Se Roma è città aperta, riprendendo il titolo di un film diretto da Roberto Rossellini, Ciampino è senza ombra di dubbio alcuno una tana chiusa, con Enrico Maddaloni nei panni di regista e protagonista indiscusso. Profondo conoscitore di ogni angolo di pista, il veterano mancino, in coppia con Andrea Canevari, ha lasciato giusto le briciole a chi cercava di mettere le mani sul doppio dedicato alla memoria di Rossano Rossi ed Enrico Petrelli. Alte le medie, con il Galeone della famiglia Celli sugli scudi con 2.623, di poco avanti (+4 e +6) su due formazioni della Flaminia: quella vincente e quella composta da Petrelli e Sciò. Il format prevedeva la divisione dei finalisti (14) in due gironi, con difesa di posizione finale per la definizione del podio. Nel primo girone, il duello è stato serrato fino all’ultima partita, che ha visto prevalere Canevari – Maddaloni di 13 birilli sui Silver Fox di Moscatelli – Sciascia, cui non è bastata una serie, l’ultima, da 467, per accedere al match per il titolo. Nel secondo girone, invece, il duo di casa del Mondial Bowling, con Magini e Medaglia, ha rapidamente fatto il vuoto alle proprie spalle, mantenendo a distanza (151 birilli) il primo inseguitore: il duo del Tiam di Sanguisin – Di Ruzza. Le due finali, per la gioia di organizzatori e pubblico, si sono mantenute, entrambe, molto equilibrate: quella di consolazione ha visto prevalere il Silver Fox di 6 birilli (820-814), mentre quella per il titolo il duo Canevari e Maddaloni. I vincitori hanno chiuso con un vantaggio di +18 (828-810) sui “cugini” della Mondial, in una sorta di vero e proprio derby di casa.

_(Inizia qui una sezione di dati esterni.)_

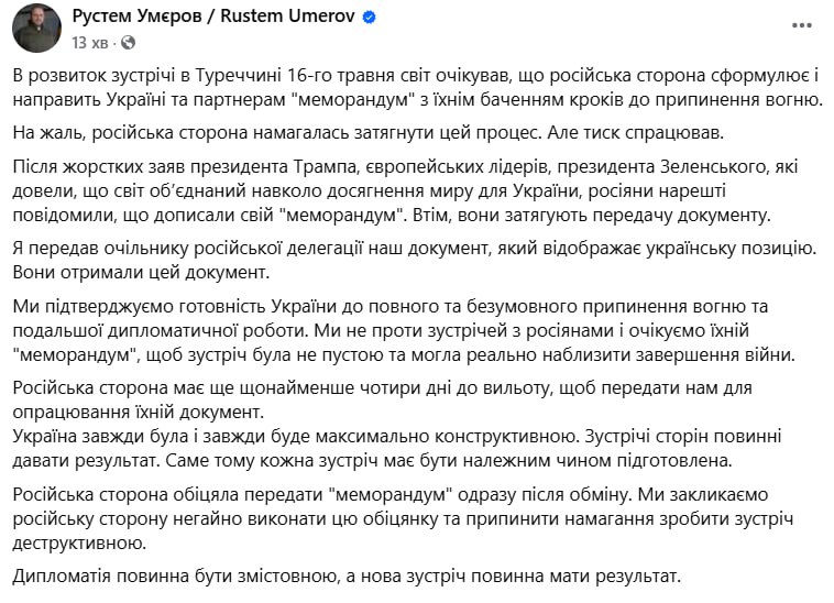 Rustem Umerov: "As a follow-up to the meeting in Turkey on May 16, the world expected the Russian side to formulate and send a "memorandum" to Ukraine and partners with their vision of steps towards a ceasefire."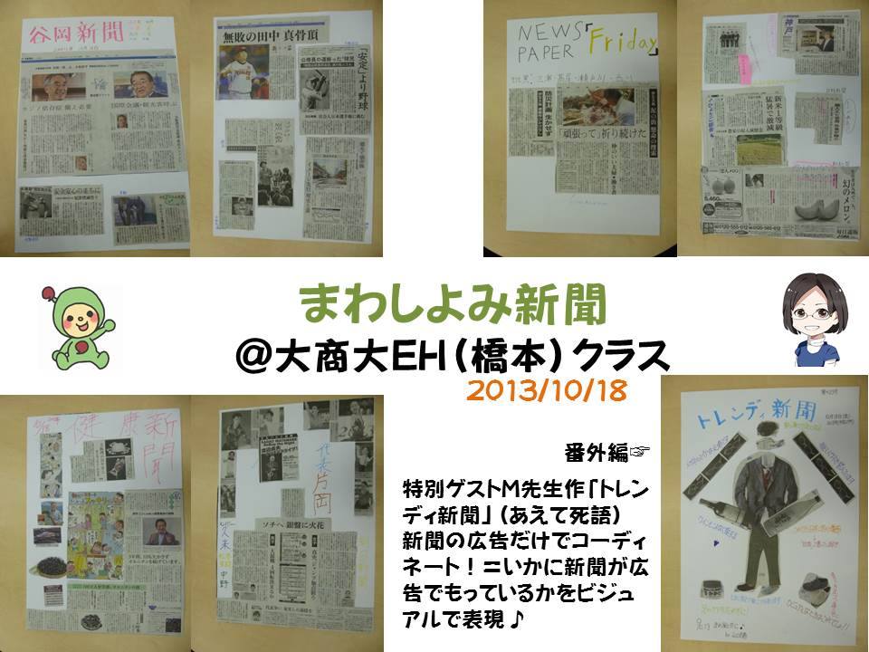 大阪商業大学で橋本信子特別講師が「まわしよみ新聞」を実施してくれました!ありがとうございます~!m(_ _)m 以下は橋本さんの御報告から。「トレンディ新聞」がナウイ(死語)ですなww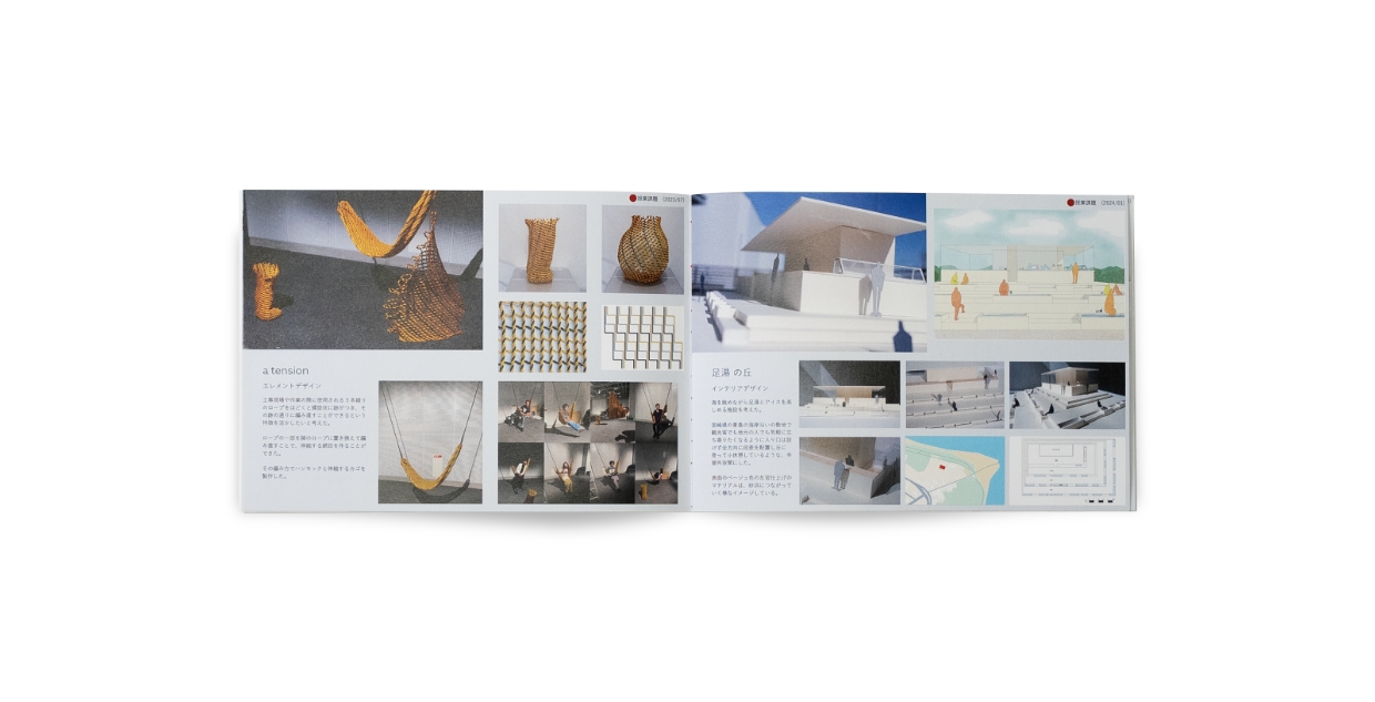 建築設計課題を中心に、平面・立体・グラフィック表現まで幅広くまとめた作品。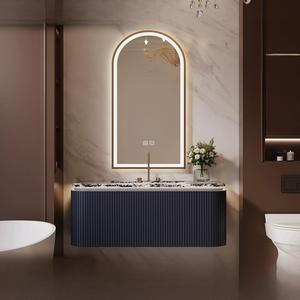 Australian-style minimalista madeira maciça luxuoso banheiro Vanity Set Espelho inteligente painel ondulado parede lacado acabamento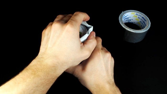 На половину окружности крышки приклеивается скотч. Потянув за него, ее можно открыть. Это потребует приложить усилие, но более развитых мышц, поэтому все получится.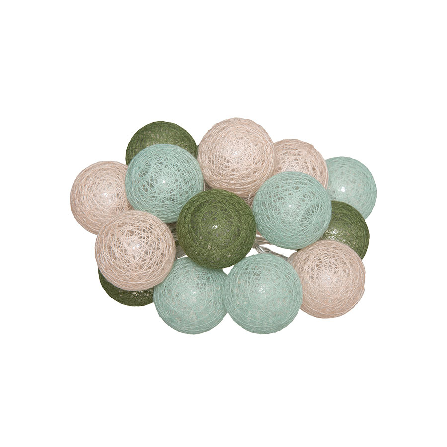 Διακοσμητική γιρλάντα με 16 Led φωτάκια. Είναι κατασκευασμένη από πλαστικό υλικό και βαμβακερό νήμα σε χακί, βεραμάν και γκρι χρώμα με καλώδιο χαλκού. Οι μπαλίτσες έχουν διάμετρο 3.5εκ. Λειτουργεί με 2 μπαταρίες AA LR6, οι οποίες δεν περιλαμβάνονται. Κατάλληλη για όλους τους εσωτερικούς χώρους. Το μήκους του καλωδίου είναι 255εκ. και στο τέλος του διαθέτει διακόπτη ON/OFF.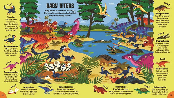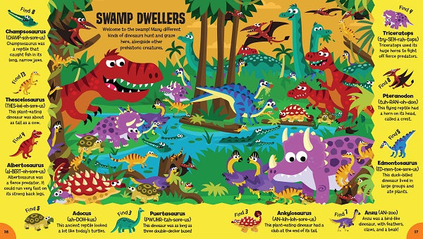 From fierce meat-eaters to peaceful plant-eaters, there are so many things to spot on a dinosaur trek! Filled with colourful illustrations and a wonderful cast of dinosaurs to find, this exciting activity book is guaranteed to keep children aged 5+ entertained for hours on end.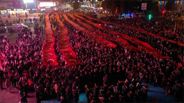 Katılımcıların ellerinde Türk bayrağı ve fenerlerle yürüdüğü etkinlikte 100 metrelik Türk bayrağı taşındı.
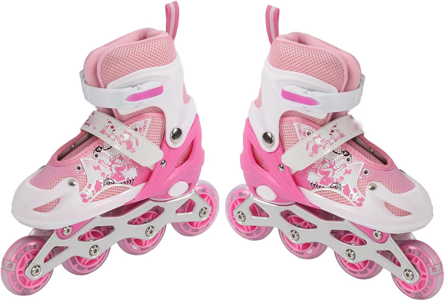[EXCITING FUN]: Experience the thrill of gliding with light up wheels, providing a joyous and exciting skating experience.[ EXERCISE]: Engage in full body aerobic activity, strengthening leg muscles, improving balance, and enhancing cardiovascular fitness.[ADJUSTABLE FIT]: Easily adjust for your child's growing needs, eliminating the need for frequent replacement.[BOOST CONFIDENCE]: Master skating skills and build confidence, courage, and overcome fears on the ice.[SOCIAL INTERACTION]: Join the skating community, make friends, and enhance social skills through communication and interaction.Spec:Item Type: Kids Inline SkatesMaterial: PVC, rubberWeight: Approx. 1982g/69.9ozPackage List:1 Pair x Kids Inline Skates2 x Knee Pads2 x Arm Protector2 x Elbow Pads3 x Training Bucket2 x Helmet1 Pack x AccessoryNote: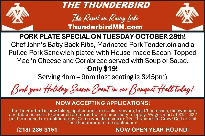 For reservations, please call 218-286-3151.
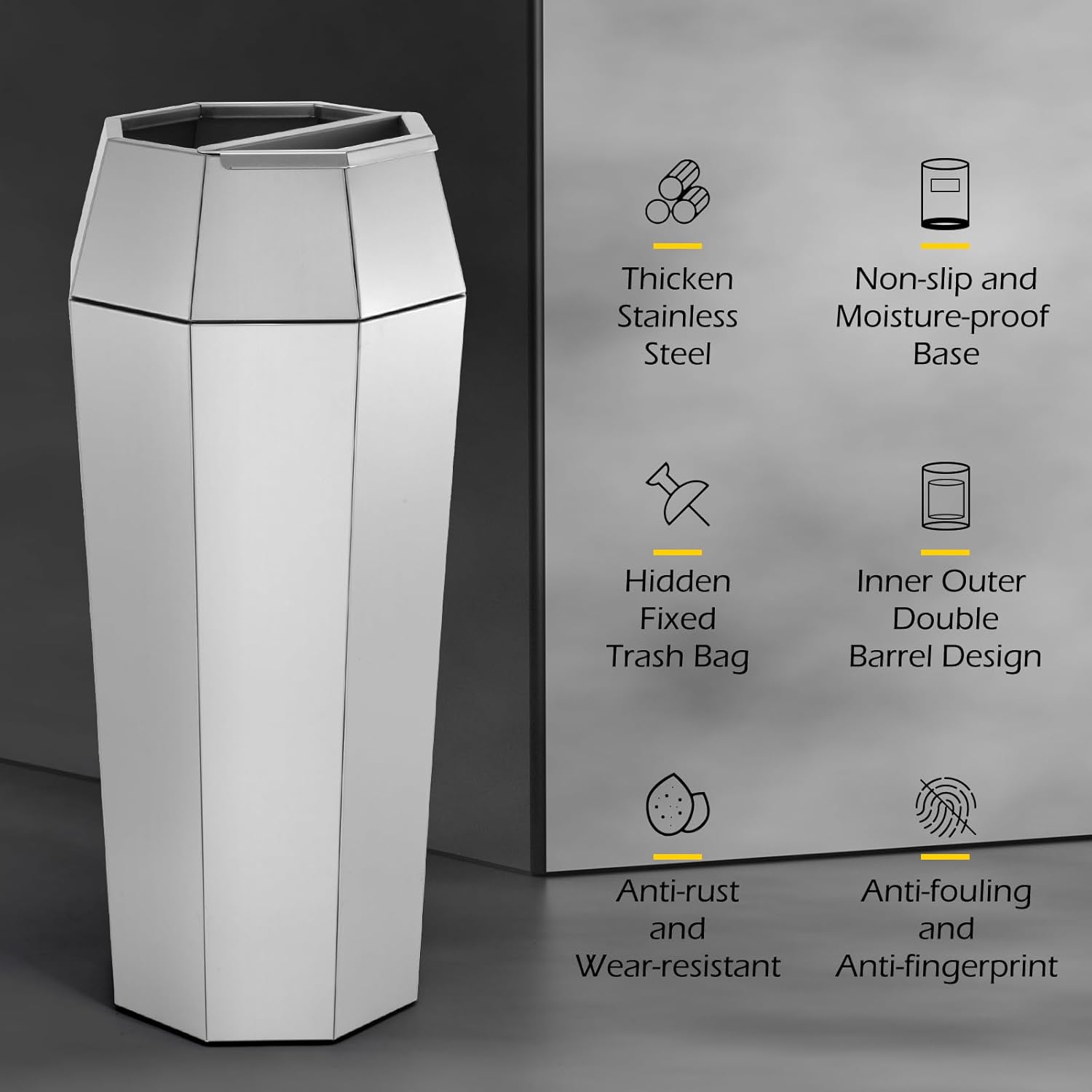 - Large Commercial Stainless Trash Can- Modern silver trash can, open top trash can design, with removable tray, the bottom surface of the trash can with lid is glazed non-slip and moisture-proof treatment. The commercial heavy-duty trash can is widely used in high-end shopping malls, hotels or office buildings.

Metti un doppio in una … notte di mezz’estate, in quel di Milano, e prova a scriverne la trama, con tinte thrilling e finale col botto. Ecco la summa del doppio della Martesana che, per una volta, ha messo letteralmente in crisi i giocatori, che hanno sofferto, forse, non tanto il caldo quanto le condizioni delle piste. Solo 22 giocatori, sui 148 partecipanti, sono andati in doppia cifra, in una qualificazione che ha visto primeggiare i milanesi dei Cobra con Provenzi e De Paris (2.503). Chi credeva che alla domenica la musica potesse cambiare si è dovuto ricredere, tanto che solo il duo Bonciolini – Rutigliano, del Red & Black, è riuscito a mantenere il ritmo e difendere la posizione (la seconda), mentre dalle retrovie si avviava la scalata al titolo. La difesa dei piemontesi, tuttavia, si è rivelata assai amara, visto il risultato finale. Complice, infatti, un’ultima serie disastrosa, il duo si è visto agganciare, in vetta a quota 3.056, dai Lions di Zorzan e Pirozzi, premiati da un finale nettamente superiore, frutto anche di una grande prestazione del Massimo “nazionale”, in doppia cifra sia in qualificazione sia in finale. Per il Red & Black, invece, giornata poco in chiaro e molto in scuro, con due formazioni a podio (Bonciolini – Rutigliano e Capello – Boccato) sì, ma anche con l’amarezza di aver visto sfumare la vittoria per una … zampata.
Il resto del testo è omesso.